• Task requirements:
Output each line of the listing exactly, though pictures are not to appear.

• Data segment:
+--

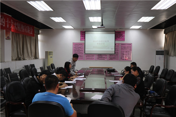 3月22日下午,太阳城在体育场馆B208举行2018年体育文化节筹备会议。参加此次会议的有太阳城副经理陈进、党总支副书记黄艺琦、辅导员张艳玲老师、辅导员黄佳雷老师、辅导员袁志军老师、太阳城体育系老师以及员工会干部。
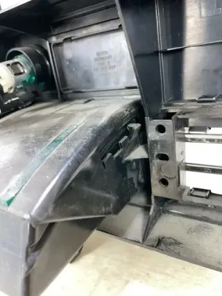 Führung des Aschenbechereinsatzes teils ausgebrochen, siehe Fotos, der Einsatz lässt sich jedoch ohne Probleme ein- und ausschieben
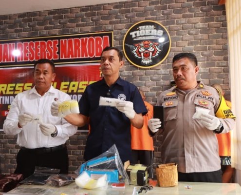 Pklres Kukar Gelar Konferensi Pers Pengungkapan Narkotika Setengah Kilogram di Samboja

+--

• Completed task:
 3月22日下午,太阳城在体育场馆B208举行2018年体育文化节筹备会议。参加此次会议的有太阳城副经理陈进、党总支副书记黄艺琦、辅导员张艳玲老师、辅导员黄佳雷老师、辅导员袁志军老师、太阳城体育系老师以及员工会干部。
 Führung des Aschenbechereinsatzes teils ausgebrochen, siehe Fotos, der Einsatz lässt sich jedoch ohne Probleme ein- und ausschieben
 Pklres Kukar Gelar Konferensi Pers Pengungkapan Narkotika Setengah Kilogram di Samboja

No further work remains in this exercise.